Upfront implementation of model extensions and changes: article 289 CRR

In line with Article 289(2) of the CRR, the ECB recommends that institutions adopt a good practice of initially applying model changes or extensions for internal risk management purposes. This approach allows institutions to gain sufficient experience with the changes or extensions before full implementation. The upfront use should commence no later than the application date in the live production environment for exposure calculations, ensuring effective risk management. Institutions should determine the most suitable method of upfront use, considering their specific circumstances and the nature of the change or extension. The ECB suggests two options: implementing the changes in the live production environment used for daily limit utilization calculations or using a non-live production environment for testing purposes.


Risks not in effective expected positive exposure

Another new subsection explains how institutions should address "risks not in effective expected positive exposure," covering immaterial risks outside the effective expected exposure framework. This aligns with the framework on "risks-not-in-the-model engines" outlined in the market risk chapter of the guide.



Based on recent regulatory changes and best practices in supervising internal models, the ECB has published a revised Guide on internal models. The public consultation period for the revised Guide to internal models is underway and will conclude on September 15, 2023, after which the ECB will publish received comments combined with a feedback statement and the updated Guide.

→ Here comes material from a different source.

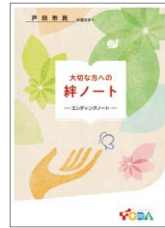
戸田市版エンディングノート「絆ノート」

The most material change is stemming from the inclusion of climate-related and environmental risks into the internal model landscape, based on the 2020 publication of the C&E Guide of the ECB which was accompanied last year with the observations from the 2022 thematic review on C&E risks.

Furthermore, additional interpretations were provided on the usage of simplified approaches to internal models, a complete section describing the common definition of default as well as minor amendments in the chapters on market and counterparty credit risk. 

Future updates based on changes in supervisory criteria or regulatory obligations can occur, especially in light of the forthcoming amendment of the CRR which will emphasize credit risk, credit valuation adjustment risk, operational risk, market risk and the output floor.  The ECB will conduct a comprehensive assessment of the revised Guide on internal models once the regulation is finalized and implemented. These revisions might occur without public consultation to allow timely updates in line with evolving best practices and regulatory frameworks.